Moreover I feel your write clk is also not a clean 4MHz clock but some combinatorial clk based on 32MHz clk. 

 

If it works then I wouldn't worry now but problems could pop up later.

Hi Kaz, 

 

All I can say is that the rdreq that I saw on my logic analyser was not synchronous with any of my available clocks, probably because of arbitration on the PCI Local Bus. That is why I could not use a fixed clock for the rdclk signal. My 32MHz is a master clock from a crystal input to the FPGA and all other clocks down to 1MHz are created from it, so the 4MHz clock is pretty stable. I will let you know how I get on with the hardware dummy reads.

All, 

I am have a similar issue. 

 

My setup: 

Quartus 9 

MAX II 

Windows 10 

 

Write clk 200ns 

Read clk 200ns(shifted in phase from Write clk) 

small 8bit x 8words (for testing now, will get larger when I understand what is going on) 

 

My problem is not at the beginning but trying to read out the last word. I can write into the LPM_FIFO+. I have it set up as dual clock, but not using the DC module, (it acts the same way). My write clock is 200ns (MHz) which seems ok. I can see the address increment on my write clocks. Example: I can write 4 words without any issues, and I can read out the first 3 words, but no matter what I do, I can not read out the last word. 

 

NOTES:  

The write-empty flag goes LO upon the first write clock.. (on I expect that),  

The read-empty flag goes LO around 1us after the 2nd write.????  
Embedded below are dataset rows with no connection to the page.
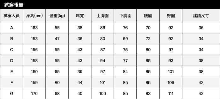 | 胸圍 | 94 cm | 100.3 cm | 104.1 cm | 110.5 cm | 114.3 cm | 37" | 39 1⁄2" | 41" | 43 1⁄2" | 45" |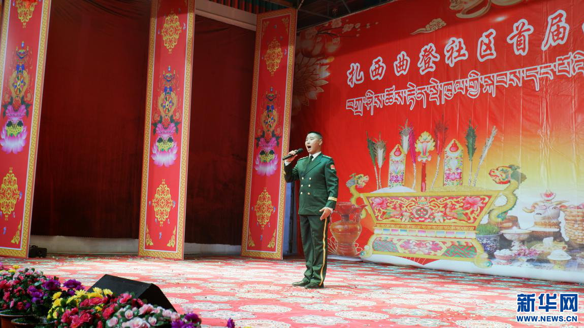 扎西曲登社區(qū)首屆藏歷新年晚會(huì)上的個(gè)人獨(dú)唱節(jié)目《陽(yáng)光路上》(2月26日攝)。新華網(wǎng) 殷小燕 攝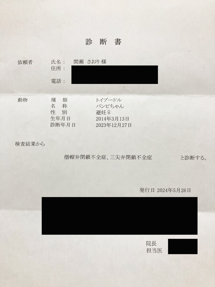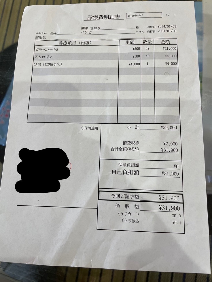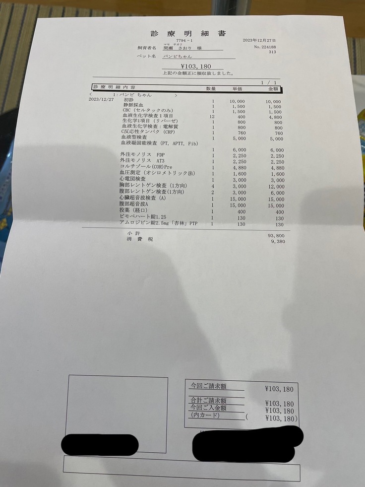 「僧帽弁閉鎖不全症」との診断を受けて以来、バンビの治療には莫大な費用がかかっています。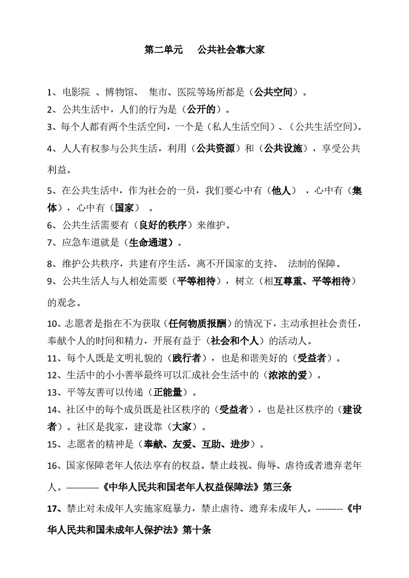 小学 五年级下册道德与法治知识点汇编(分单元)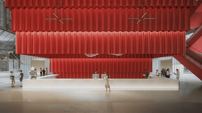 两者的用地面积接近,而建筑面积几乎相差一倍,因此在形体逻辑上美术馆是水平延展的,而文化馆是垂直向上的。但AUBE欧博设计对城市公园的态度是一致而坚定的。美术馆将公园基面抬升至二层,并利用立体漫游系统与室内空间高度渗透互联;文化馆则将剧场抬升,通过架空大堂将历史街区公园引入建筑并使得地面空间与周边全打通。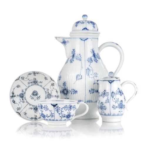 Porzellan, glasiert und in Unterglasurblau staffiert. Auf den Wandungen das Reliefzierat "Gebrochener Stab" sowie das Dekor "Strohblume". Unterseits die Schwertermarken in Unterglasurblau mit Stern, die Tasse mit Knaufschwertern. Teils Prägeziffern sowie Beizeichen in Unterglasurblau.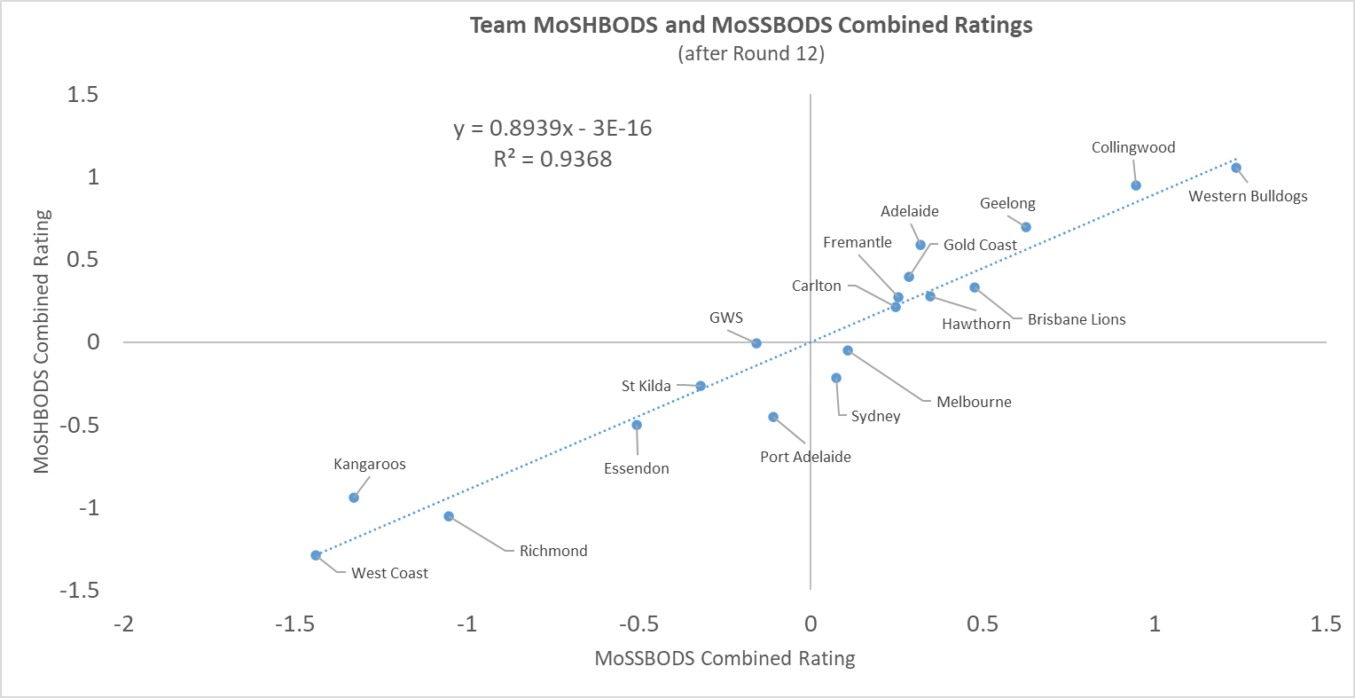 The correlation between MoSSBODS and MoSHBODS Combined Ratings now stands at +0.968 and, roughly speaking, each team’s Combined MoSHBODS Rating is about 0.89 times its Combined MoSSBODS Rating.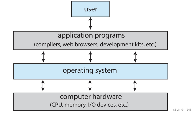 Key points An operating-system is a set of interrelated system software programs that host and control computer operations, utilize and run hardware and software resources, and provide common services to organize user interaction. • Operating-system executes in kernel mode, but user programs execute in user mode. • The CPU executes multiple processes by switching among them, but the switches occur frequently.操作系统是一组相互关联的系统软件程序,用于主持和控制计算机操作、利用和运行硬件和软件资源,以及提供组织用户交互的通用服务。 - 操作系统在内核模式下执行,但用户程序在用户模式下执行。 - 中央处理器通过在多个进程间切换来执行多个进程,但切换频繁。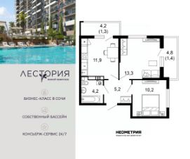 Продается квартира в жилом комплексе бизнес-класса "Лестория". В составе ЖК предусмотрена собственная аквазона площадью 473 квадратных метра с двумя подогреваемыми бассейнами, что соответствуют стандартам бизнес-класса.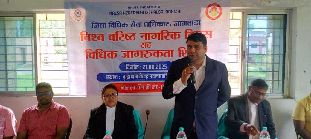 जामताड़ा कोर्ट. वृद्धा आश्रम उदलबनी में विश्व वरिष्ठ नागरिक दिवस पर स्वास्थ्य जांच कैंप लगाया गया. इस दौरान विधिक जागरुकता शिविर का भी आयोजन किया गया. डीएलएसए के सचिव पवन कुमार ने कैंप में सभी बुजुर्गों का ब्लड प्रेशर, शुगर सहित अन्य बीमारियों का टेस्ट कराया. साथ ही साथ उन्हें दवाई भी दिलवायी. डालसा की ओर से निशुल्क विधिक सहायता के बारे में जानकारी दी. सभी बुजुर्गों से पूछताछ के बाद वृद्धावस्था पेंशन, विधवा पेंशन, आयुष्मान कार्ड, आधार कार्ड, सीनियर सिटीजन कार्ड से संबंधित समस्याएं सुनी. कहा कि इन सभी समस्याओं का समाधान जल्द से जल्द किया जायेगा. कहा कि वरिष्ठ नागरिकों की सहायता के लिए हेल्पलाइन नंबर 14567 जारी भी किया गया है. इससे सहायता प्राप्त कर सकते हैं. मौके पर लीगल एड डिफरेंस काउंसिल के उत्तम कुमार, सरिता कुमारी बर्मन, डॉ मनोज कुमार, पीएलवी अमित कुमार मिश्रा, राजेश दत्त, निताई मंडल, श्याम सुंदर टुडू, मिहिर सिंह, आनंद कुमार महतो आदि मौजूद थे.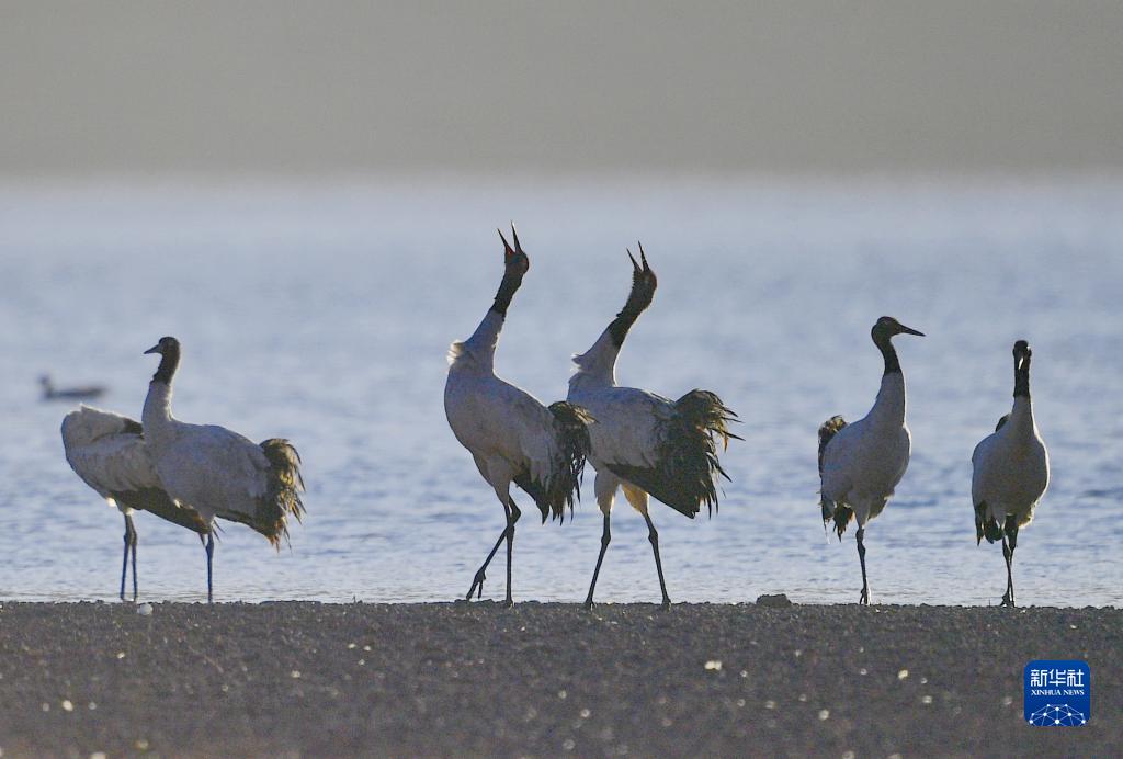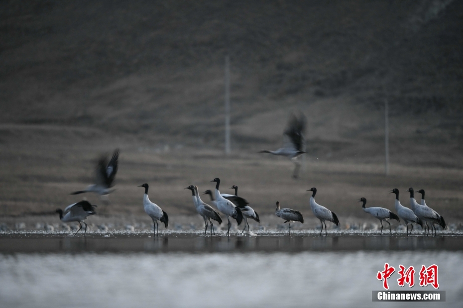 11月23日,在西藏自治區(qū)拉薩市林周縣春堆鄉(xiāng)虎頭山水庫黑頸鶴群覓食。由于適宜的環(huán)境和充足的食物,冬季的拉薩市林周縣成了越來越多黑頸鶴聚集的家園。[詳細]

Then the read-empty flag goes HI upon the 3rd read, the write-empty flag stays LO.  

No matter how many reads I try after that, I can not read my 4th word I stored...... 

Also, my wr-address never decrements after each Read??? (shouldn't this count back down??) (the read address KINDA works as expected, it is delayed while writes are being made, but even though it sees the 4th read-clk, the address counts back down to 0, but no new data is available. the data that is on the OUTPUT is the 3rd word). 

 

I do get this warning! 

Warning: Assertion warning: Current device family (MAX II) does not support dual-port synchronous RAM -- implementing the synchronous RAM as a DFFE array instead 

 

but I am assuming !! that it behaves the same way as if it was implemented using RAM. 

 

Any ideas? 

 

Keith